Lemonade is the quintessential summer time drink in America, isn’t it? I absolutely love it and it will always remind me of my childhood days when I had my own lemonade stand outside of my house where I grew up. I set up a small table with my mom’s pitcher full of lemonade made from Country Time® lemonade packets, paper cups and napkins for every customer. Each cup was a quarter and my best customer was always our regular postman. Do kids still do this today?
Nowadays I don’t care for lemonade out of a packet, at most restaurants or from a bottle bought at the store. It is so super easy to make at home, but you just need to be patient about preparing a lot of lemons, of course.
As well as fresh mint.
To use lemons, you can add strawberries and make strawberry lemonade, like I made here.
What I do during this project of a recipe is to save all the lemon peels and dry them. They are so wonderful dried because you can use add them to hot boiling water to make tea or add them to soups and stews. You can even candy them, if you like.

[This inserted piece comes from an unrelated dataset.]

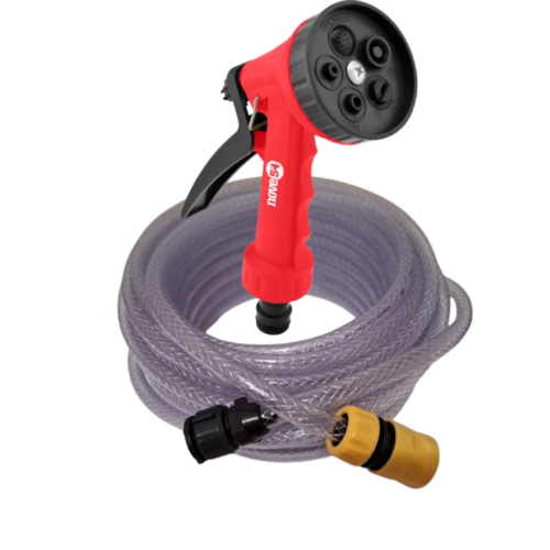 Conteúdo da embalagem: 1 Esguicho plástico jardim 5 funções NOVE54 + Mangueira para jardim, trançada, transparente, 20 m, VONDER

To make the lemonade, add ice to a blender first. That’s sort of the rule of thumb when blending- get the iciest or frozen things at the bottom so the blades can start breaking those down first. If they’re on top, it’s nearly impossible for the blades and can actually ruin the motor of your blender if it works too hard like that.
Then add frozen strawberries, or fresh if that’s what you have.
Next, some cane sugar. I don’t like sweet drinks, so I go easy on the sugar but you can always add more if you prefer it sweeter.
Next some cool water.
Now squeeze all those lemons. I like to use my handy citrus press that I got from a local Mexican store.
Just pour into serving pitcher or glasses directly.
Then add a sprig of fresh mint to flavor it even more.
That’s it- just a refreshing taste of summer every time.
- 1 cup ice
- 1 cup frozen strawberries
- 1 cup fresh lemon juice (from about five large lemons)
- 2 cups water
- 2 tablespoons raw cane sugar
- Fresh mint, for garnish
- To a large blender, place the ice and frozen strawberries first (this makes it easier for the blades to chop).
- Add the remaining ingredients and blend on high for about one minute or until the mixture is thoroughly combined and the strawberries are fully chopped and smooth.
- Pour into a large pitcher or individual glasses, garnishing with sprigs of fresh mint.
- Keep cold if serving at a later time.
- *Cook* time in this recipe is really the time it takes to blend and serve.